SEA LAWS, a title which came into use amongst writers on maritime law in the 16th century, and was applied by them to certain mediaeval collections of usages of the sea which had been recognized as having the force of customary law, either by the judgments of a maritime court or by the resolutions of a congress of merchants and shipmasters. To the former class belong the sea laws of Oleron, which embody the usages of the mariners of the Atlantic; under the latter come the sea laws of Wisby, which reflect the customs of the mariners of the North Sea and of the Baltic.

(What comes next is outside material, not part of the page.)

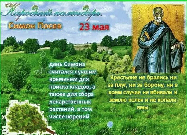 Народный праздник Симонов день отмечается 23 мая 2022 года (дата по старому стилю – 10 мая). По церковному календарю в этот день почитают апостола Симона Зилота, Кананита.
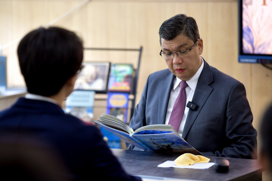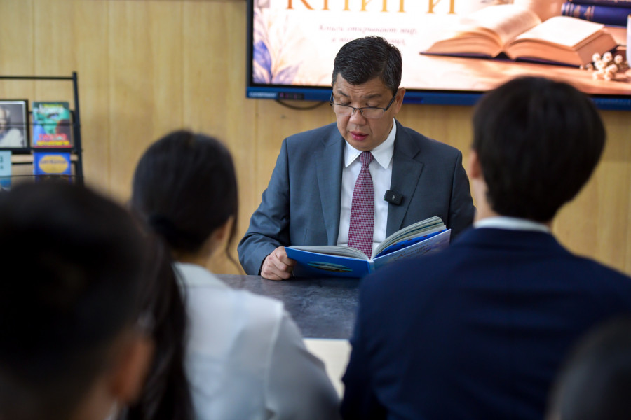 Жолугушуунун жүрүшүндө мэр окуучулардын адабий окууларына катышты. 11-класстын окуучулары үчүн Чыңгыз Айтматовдун "Кылым карытар бир күн" чыгармасынан үзүндү окуп берди жана окуу боюнча талкуу болду.

The earliest collection of such usages which was received in England is described in the Black Book of the Admiralty as the " Laws of Oleron," whilst the earliest known text is contained in the Liber Memorandorum of the corporation of the City of London, preserved in the archives of their Guildhall. These laws are in an early handwriting of the 14th century, and the title prefixed to them is La Gharte d'Oleroun des Juggementz de la Mier. How and in what manner these "Judgments of the Sea" came to be collected is not altogether certain. Cleirac, a learned advocate in the parliament of Bordeaux, in the introduction to his work on Les Us et Coustumes de la Mer, first printed at Bordeaux in 1647, states that Eleanor, duchess of Guienne (the consort of Louis VII. of France, but subsequently divorced from him and married to Henry II. of England), having observed during her visit to the Holy Land, in company with Louis, that the collection of customs of the sea contained in The Booh of the Consulate of the Sea (see vol. vi. p. 317) was held in high repute in the Levant, directed on her return that a record should be made of the judgments of the maritime court of the island of Oleron (at that time a peculiar court of the duchy of Guienne), in order that they might serve as law amongst the mariners of the Western Sea. He states further that Richard I. of England, on his return from the Holy Land, brought back with him a roll of those judgments, which he published in England and ordained to be observed as law. It is probable that the general outline of Cleirac's account is correct, as it accords with a memorandum on the famous roll of 12 Edw. III., "De Superioritate Maris Angliae," which, having been for many years carefully preserved in the archives of the Tower of London, is now. deposited in the Public Record Office. According to this memorandum, the king's justiciaries were instructed to declare and uphold the laws and statutes made by the kings of England, in order to maintain peace and justice amongst the people of every nation passing through the sea of England: " Quae quidem leges et statuta per dominum Ricardum, quondam regem Angliae, in reditu suo a Terra Sancta correcta fuerunt, interpretata, declarata, et in Insula Oleron publicata, et nominata in Gallica lingua La Leye Olyroun."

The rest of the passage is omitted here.